Supplied material:
*****

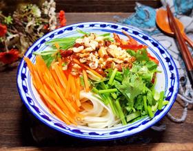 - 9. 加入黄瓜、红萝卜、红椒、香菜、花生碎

*****

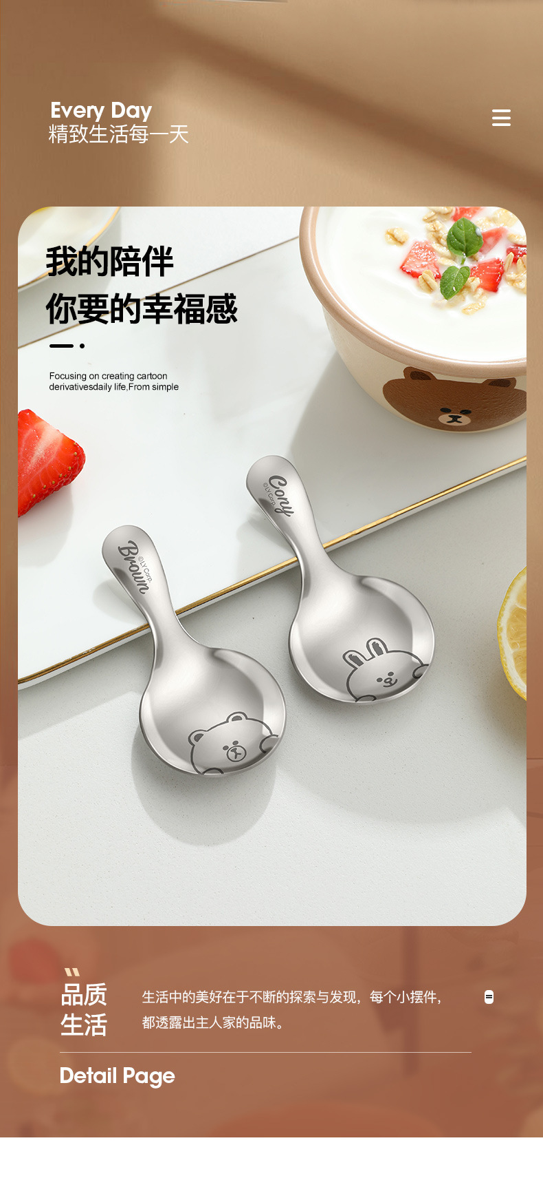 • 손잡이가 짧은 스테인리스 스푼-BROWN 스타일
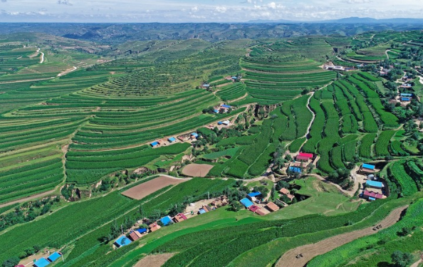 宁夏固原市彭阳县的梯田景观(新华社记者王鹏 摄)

*****

Task description: Give back the exact lines above, running from the one that has "스테인리스 스푼-BROWN 스타일" through the one that has "宁夏固原市彭阳县的梯田景观(新华社记者王鹏 摄)", with nothing added and no pictures.

Task solution:
 • 손잡이가 짧은 스테인리스 스푼-BROWN 스타일
 宁夏固原市彭阳县的梯田景观(新华社记者王鹏 摄)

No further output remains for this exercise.